The hold of that influence was clear in the aftermath of the tragedy. Television channels headlined Mr. Adityanath’s regular phone conversations with Mr. Modi, 74, and that everything was under control. They repeated throughout the day a video statement by Mr. Adityanath, in which he made no mention of deaths but asked people to not fall for rumors.
But some saw through the public relations campaign.
“It is reminiscent of the opacity of Chief Minister Yogi Adityanath and his government after the widespread deaths during the second Covid-19 wave in March 2021, the scale of which was evident later when horrific images of bodies floating in the Ganga emerged,” The Hindu, a national newspaper, wrote in an editorial Thursday.
Mr. Adityanath has ordered a probe into the lapse. His officials have not explained what caused the delay in providing a casualty toll.
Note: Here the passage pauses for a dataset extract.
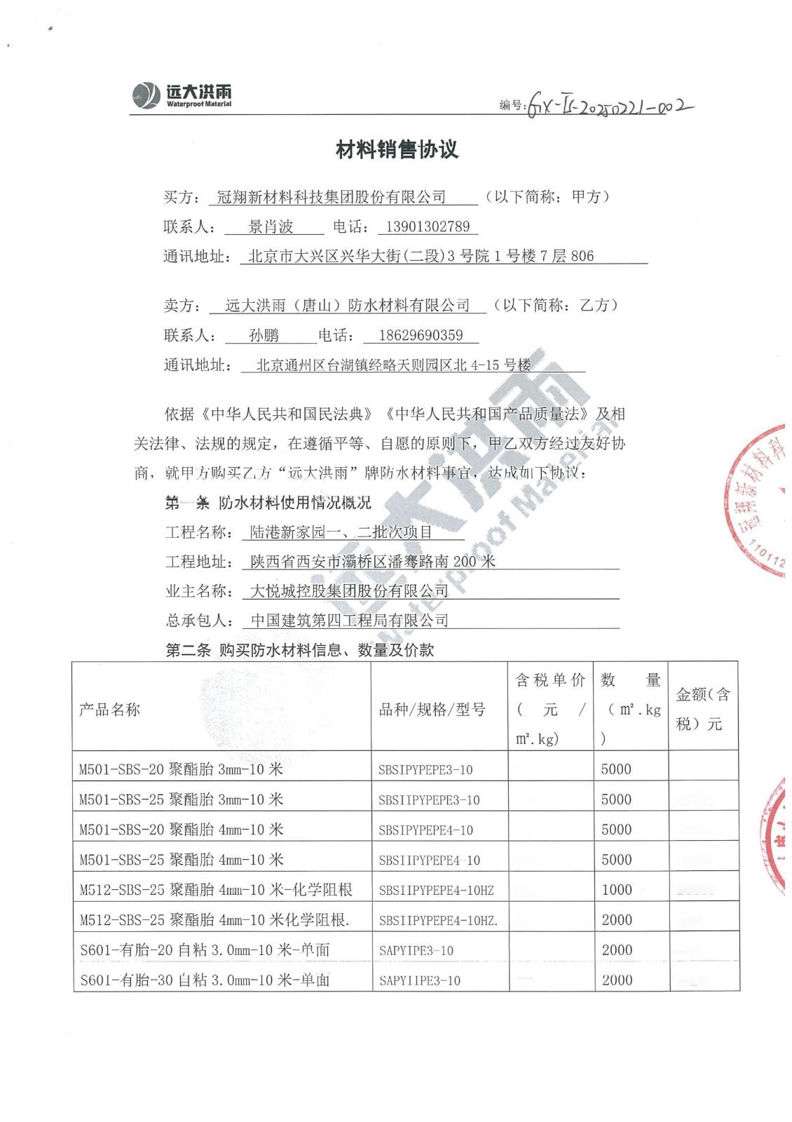 甲方名称: 大***股集团股份有限公司 项目名称: 陆港新家园一、二批次项目 招标名称: 陆***园一、二批次项目 项目地点: 西安 中标时间: 2025年02月12日 中标范围: 防水材 ...... [登录可见]

His office did not respond to requests for comment.
Vikram Singh, a former police chief of Uttar Pradesh who has overseen arrangements in past Kumbhs, said a part of the delay could be attributed to the massive logistical demand of such a huge event. Officials would have been focused on evacuating the injured and getting them proper treatment, he said.
But he, too, struggled to understand the extent of the delay, which he said only fueled a rumor mill that “was working overtime” to put the death toll anywhere from 50 to 200 in the vacuum of official information.
The other Mr. Singh, who had been separated from his wife, went to the festival’s lost and found stands to look for her. He registered a complaint with her details. He went back to the confluence of the rivers. He walked from hospital to hospital and back to the festival site.
There, in the evening, Mr. Singh finally had good news at one of the lost and found centers. His wife had fallen down in the stampede but, luckily, wasn’t hurt and had been waiting for him for hours.
“If they had communicated, then I would have found her much earlier,” he said, referring to the lost and found booths. “But I am happy now that I found my wife.”
Pragati K.B. and Suhasini Raj contributed reporting from New Delhi.